### EXERCISE OBJECTIVE:
When the line with "A través de" is found, repeat it and all lines that follow it exactly, stopping at the end of the listing.

### GIVEN INFORMATION:
+-------+
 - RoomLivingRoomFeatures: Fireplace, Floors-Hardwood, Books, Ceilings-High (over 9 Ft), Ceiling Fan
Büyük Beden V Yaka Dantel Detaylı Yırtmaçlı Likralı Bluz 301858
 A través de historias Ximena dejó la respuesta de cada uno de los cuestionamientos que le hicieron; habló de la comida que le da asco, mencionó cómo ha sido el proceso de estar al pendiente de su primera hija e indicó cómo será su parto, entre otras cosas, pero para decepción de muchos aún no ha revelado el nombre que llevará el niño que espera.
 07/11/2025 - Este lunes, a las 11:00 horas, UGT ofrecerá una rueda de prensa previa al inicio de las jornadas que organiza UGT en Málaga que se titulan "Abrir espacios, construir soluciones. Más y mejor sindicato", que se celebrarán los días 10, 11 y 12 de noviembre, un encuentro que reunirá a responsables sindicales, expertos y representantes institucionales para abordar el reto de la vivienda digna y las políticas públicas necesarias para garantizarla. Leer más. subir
+-------+
### SOLUTION TO THIS EXERCISE:
 A través de historias Ximena dejó la respuesta de cada uno de los cuestionamientos que le hicieron; habló de la comida que le da asco, mencionó cómo ha sido el proceso de estar al pendiente de su primera hija e indicó cómo será su parto, entre otras cosas, pero para decepción de muchos aún no ha revelado el nombre que llevará el niño que espera.
 07/11/2025 - Este lunes, a las 11:00 horas, UGT ofrecerá una rueda de prensa previa al inicio de las jornadas que organiza UGT en Málaga que se titulan "Abrir espacios, construir soluciones. Más y mejor sindicato", que se celebrarán los días 10, 11 y 12 de noviembre, un encuentro que reunirá a responsables sindicales, expertos y representantes institucionales para abordar el reto de la vivienda digna y las políticas públicas necesarias para garantizarla. Leer más. subir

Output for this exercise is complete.